RECORDED INFORMATION
------------------------------------------------------------

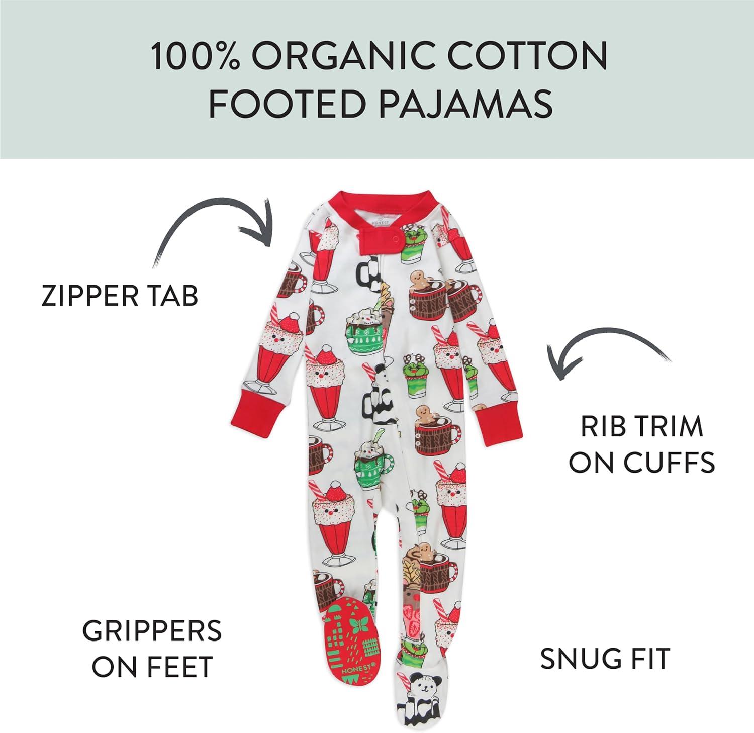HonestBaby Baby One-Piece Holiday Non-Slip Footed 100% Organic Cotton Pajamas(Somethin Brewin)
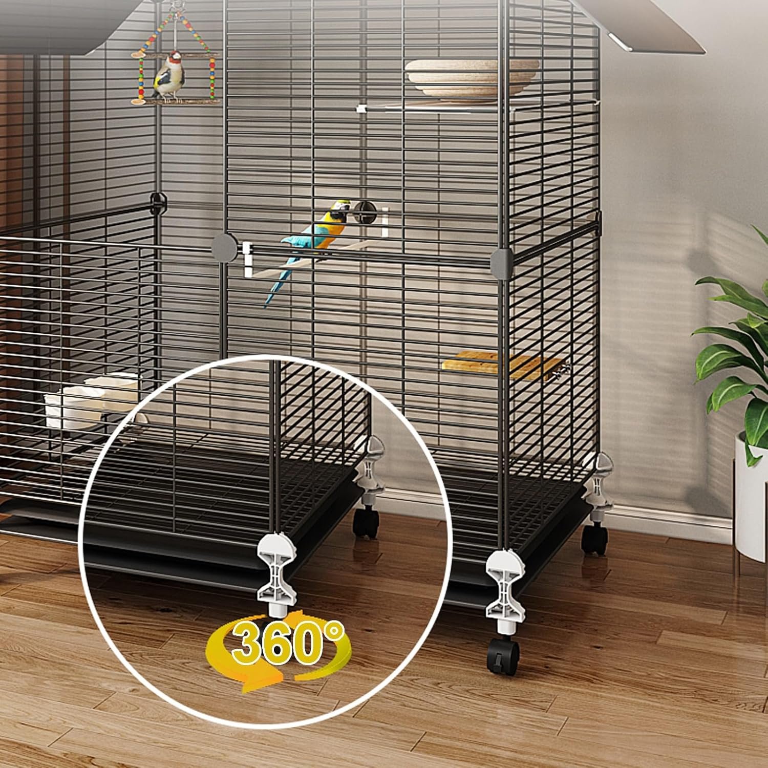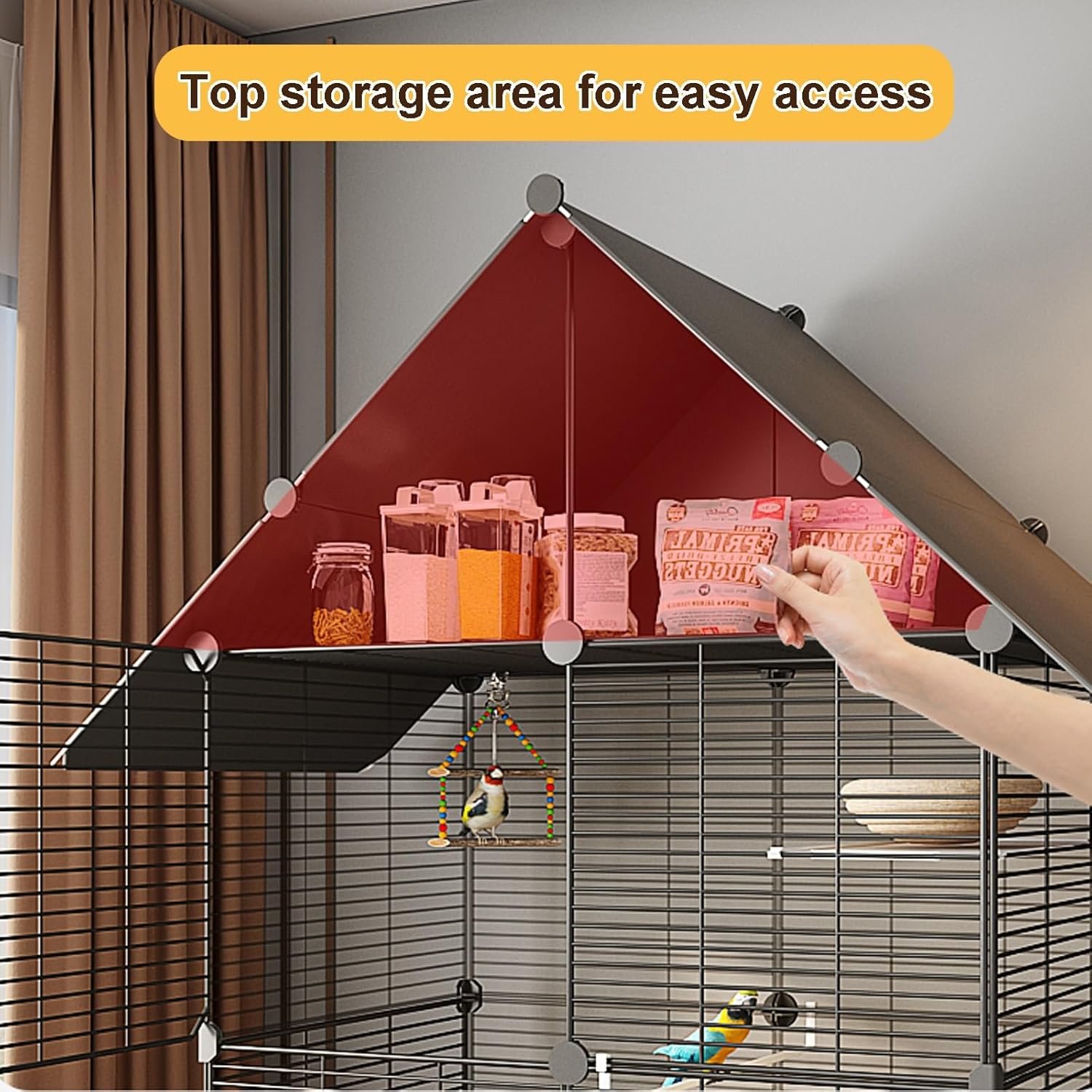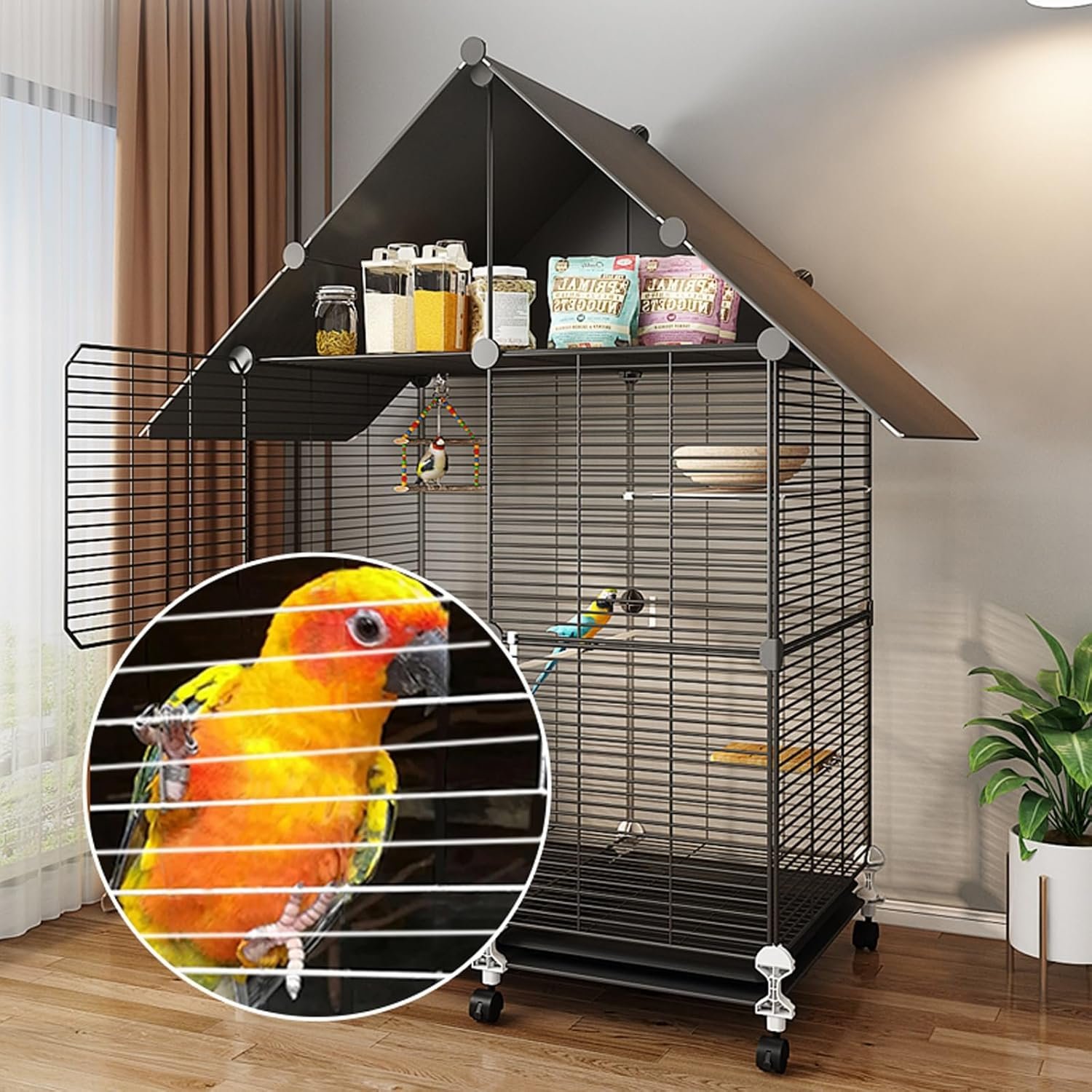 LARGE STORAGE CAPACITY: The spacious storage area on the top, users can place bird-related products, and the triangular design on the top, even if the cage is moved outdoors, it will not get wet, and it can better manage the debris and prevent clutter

------------------------------------------------------------

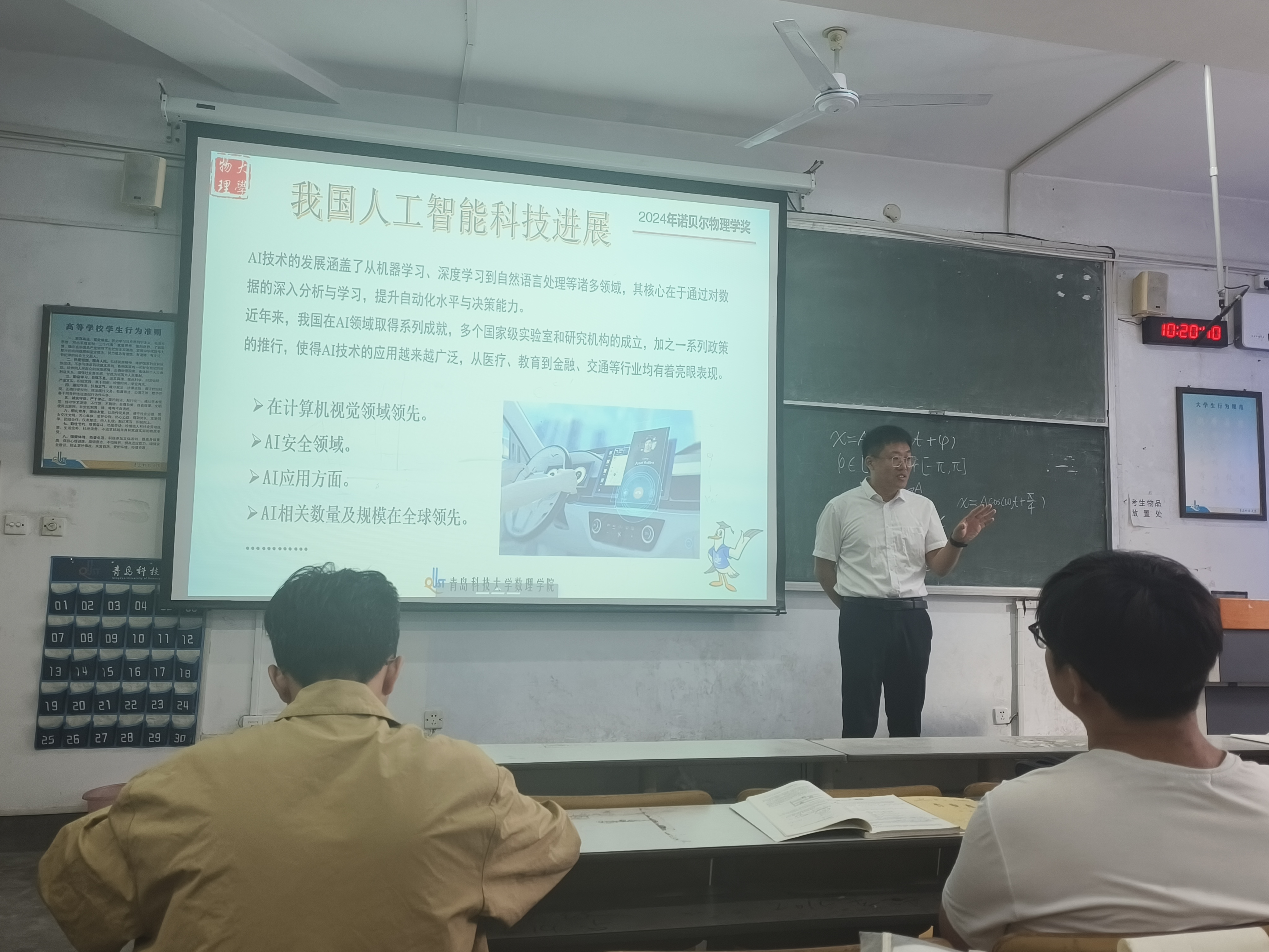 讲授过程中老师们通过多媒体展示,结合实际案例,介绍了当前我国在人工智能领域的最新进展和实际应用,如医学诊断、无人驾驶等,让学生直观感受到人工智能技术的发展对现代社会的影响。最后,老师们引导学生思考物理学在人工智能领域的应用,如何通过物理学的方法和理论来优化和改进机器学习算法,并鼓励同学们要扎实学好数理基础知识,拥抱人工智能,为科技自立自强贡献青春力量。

------------------------------------------------------------

WORK ITEM
Reproduce word for word, with pictures dropped, only the part of the material above that opens with the line containing "HonestBaby Baby One-Piece" and closes with the line containing "LARGE STORAGE CAPACITY: The".

EXERCISE RESPONSE
HonestBaby Baby One-Piece Holiday Non-Slip Footed 100% Organic Cotton Pajamas(Somethin Brewin)
 LARGE STORAGE CAPACITY: The spacious storage area on the top, users can place bird-related products, and the triangular design on the top, even if the cage is moved outdoors, it will not get wet, and it can better manage the debris and prevent clutter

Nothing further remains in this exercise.